В Нацрат-Илите было у Сереги дело к другой пожилой паре агентов. Серега должен был разобраться с этим делом на месте. Там женщина вроде бы мутила воду, склоняя мужа к измене Родине. Нужно было ее переубедить, для этого вез ей Серега ностальгический подарок — когда-то опубликованный самиздатом устав КГБ, организации, которой уже вроде бы нет. Но существуют, должен был сказать склонным к отпадению агентам Серега, передавая подарок, другие организации, новые, а Родина остается той же. Родина, она и есть Родина, повторял Серега слова майора Пронина из недавно полученной им шифрограммы, особенно когда правила верности ей определяются этим уставом.
И все же сионизм не шел у Сереги из головы. Он поерзывал на сиденье автомобиля рядом с водителем и, когда расставался с Теодором на въезде в Нацрат-Илит, где должны были подобрать его то ли муж, то ли жена, ненадежные агенты, вышел из машины, посмотрел Теодору в глаза и сказал, как будто бы даже не от себя, а от имени всей Великой России:
— Нет, нельзя отдавать Голаны.
При тусклом свете фонарей автобусной остановки, где высадил Теодор Серегу, лицо его казалось особенно серьезным, задумчивым и значительным. Ни до, ни после этого момента уже никогда не покажется Серега Теодору таким похожим на поэта Есенина в великие и грустные моменты его жизни. Они простились, и, отъезжая, думал Теодор, что Серега, пожалуй, даже и не внук еврея. Ну, может быть, правнук.
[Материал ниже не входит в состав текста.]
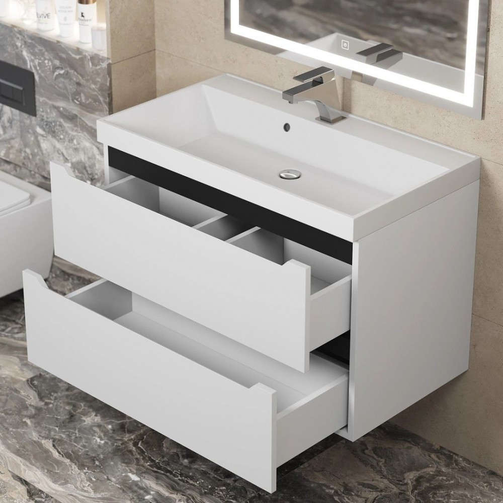 Тумба под раковину Uperwood Tanos 80 см, подвесная, белая/графит

Дальше поехал уже Теодор в одиночестве через края больше деревенские, а от всего деревенского у Теодора всегда щемило сердце. А у кого не защемит? Еще, будто продолжая беседу с Серегой, он как бы и ему объяснял свои чувства таким вот образом: ты представь, Серега, идешь ты с Красной площади на Манежную и дальше держишь путь на Тверской бульвар, а по дороге у тебя между Манежной площадью и Тверским бульваром — вдруг пшеничное поле с васильками по обочинам или усадьба Ясная Поляна. Разве у тебя не защемило бы сердце? Но нет рядом Сереги, он сейчас разбирает устав с двумя заблудшими овцами. Ну, нет, не заблудшими. Нашел же их Серега, пьет с ними чай, закусывает мацой, что осталась от праздника Песах. Хорошая маца, вымочена в воде, обжарена в курином яйце на оливковом масле.
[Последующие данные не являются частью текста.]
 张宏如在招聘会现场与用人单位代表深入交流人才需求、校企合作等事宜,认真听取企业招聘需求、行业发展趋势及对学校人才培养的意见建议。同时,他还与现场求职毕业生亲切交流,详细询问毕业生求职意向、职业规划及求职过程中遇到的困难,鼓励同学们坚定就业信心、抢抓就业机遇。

— С молоком было бы и того лучше, — говорит Серега. Несут ему молока.
А Теодор едет дальше, и теперь щемит у него сердце от вида эвкалиптовых деревьев по обочинам. Темно уже, но хорошо представляет их себе Теодор, хоть и отнимает свет его фар только часть дороги у тьмы. Много раз читал он и слышал, как осушали эвкалиптовой посадкой болото, изгоняли малярию. Знает, слышал. И тем более щемит у него сердце, потому что кажутся ему эвкалипты очень старыми псами, которые осушили болота, растерзали малярию, а теперь стали никому не нужны, и выбросили их на дорогу. Да не просто выбросили, а в придорожную канаву. И вот выбрались они из канавы и стоят у дороги с обвисшей шерстью, обтекают зацветшей водою и смотрят на Теодора и ничего у него не просят. И так жалко стало Теодору старых придорожных эвкалиптов… Вот ведь есть у Теодора странная склонность к грустным мыслям. Всю оставшуюся дорогу проехал он словно бы в полусне, словно и не заметил дороги, будто и вправду Еврейское Государство было уже одна только незаметная точка на карте мира.